=== MATERIAL PROVIDED ===
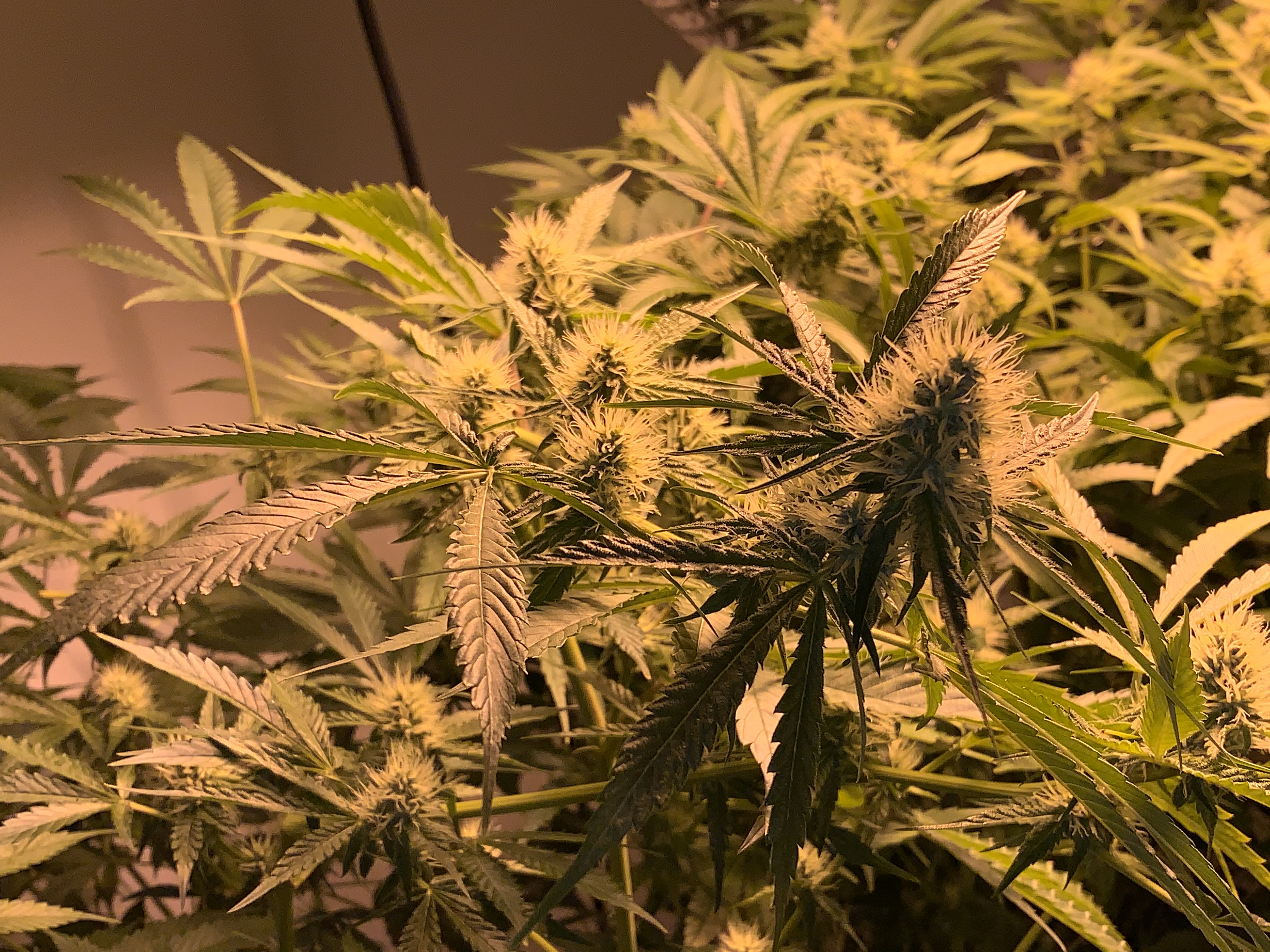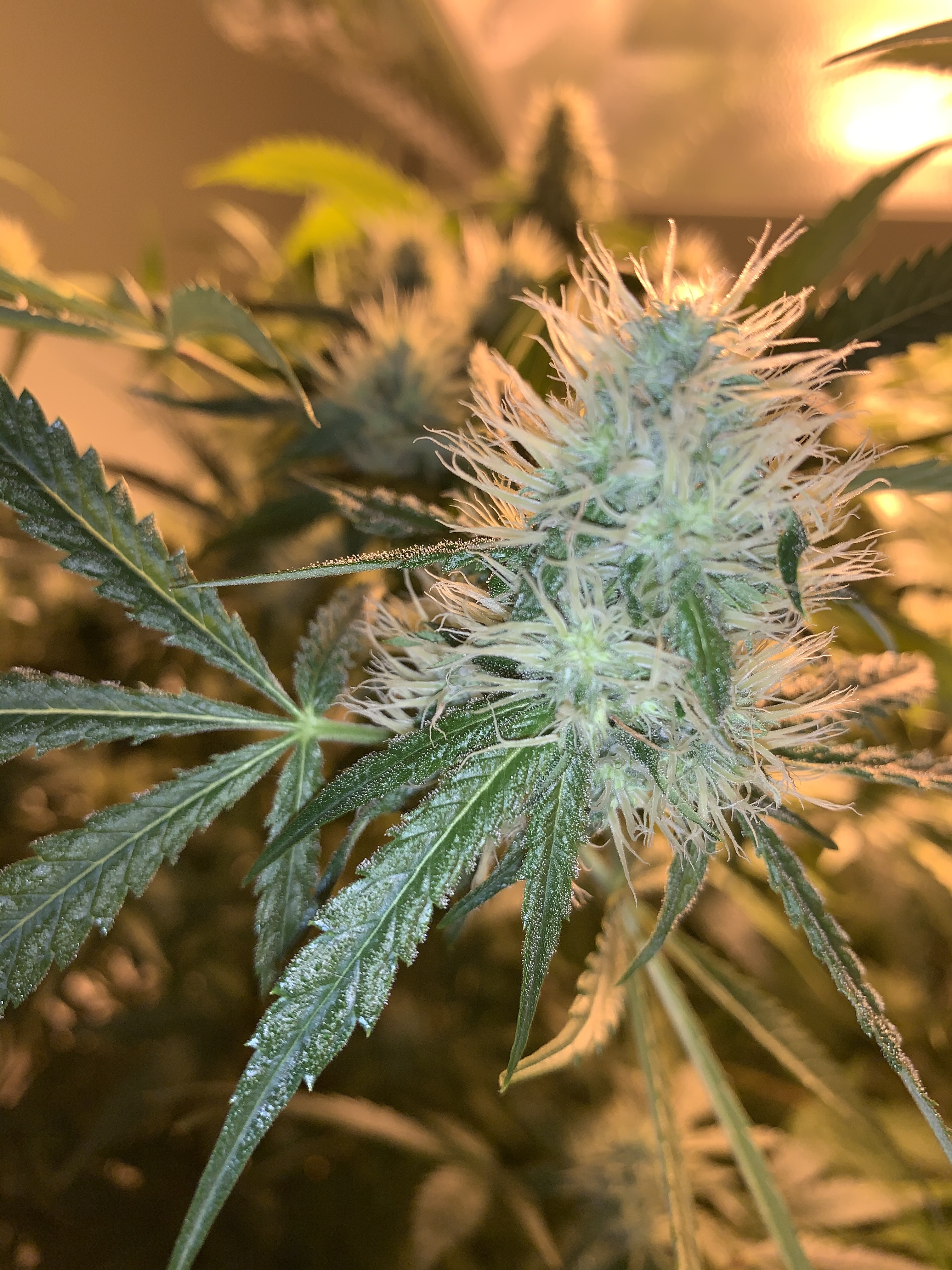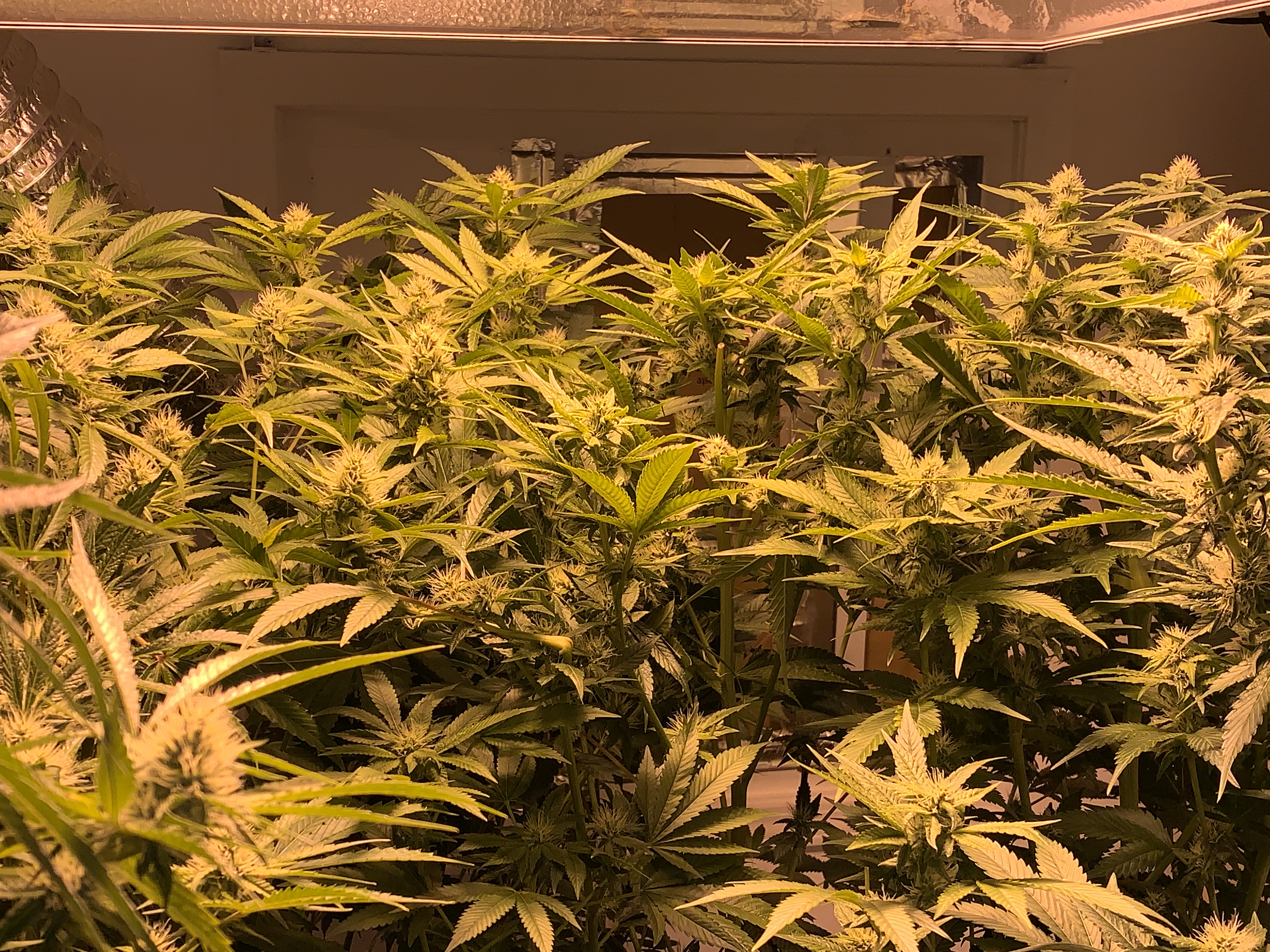 Few New pics, buds getting frosty and fattening up. Adding 10 gallons of water every other day to the hydro reservoir, dirt ladies getting watered every other as well. Did some lower end clean up. Cleared out the centers some more let the lowers I left get some more light
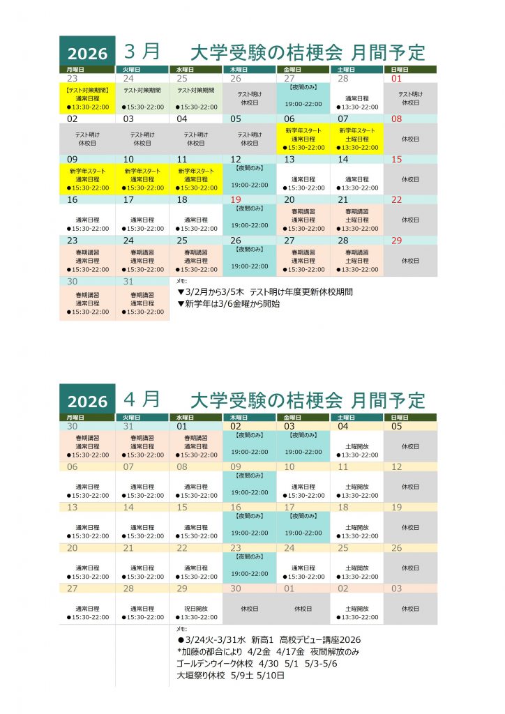 【月次スケジュール】2026年3-4月
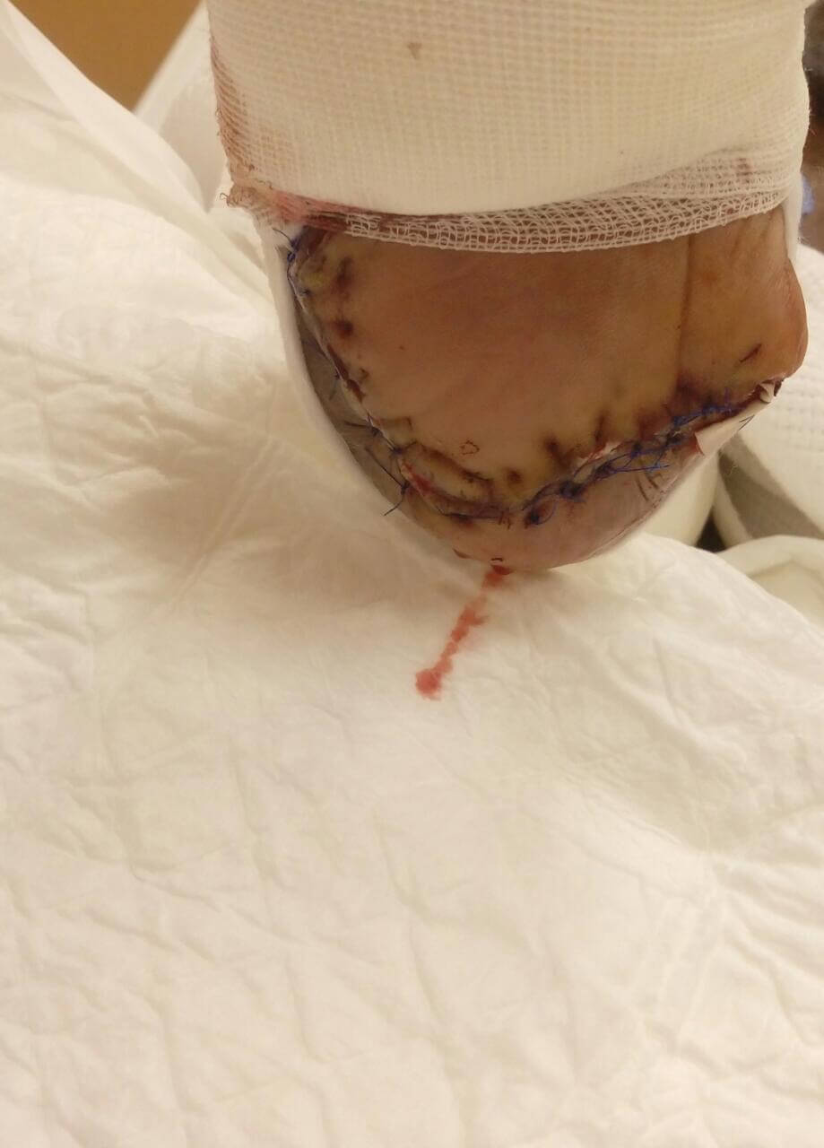 The excess skin is removed and the breast is stabilized with internal sutures as well as external suturing of the skin pocket, that covers the breast and the fat tissue.
===
**DIRECTIONS:**
Every line of the material is to be quoted exactly, with no pictures carried over.

**PROBLEM SOLUTION:**
 Few New pics, buds getting frosty and fattening up. Adding 10 gallons of water every other day to the hydro reservoir, dirt ladies getting watered every other as well. Did some lower end clean up. Cleared out the centers some more let the lowers I left get some more light
 【月次スケジュール】2026年3-4月
 The excess skin is removed and the breast is stabilized with internal sutures as well as external suturing of the skin pocket, that covers the breast and the fat tissue.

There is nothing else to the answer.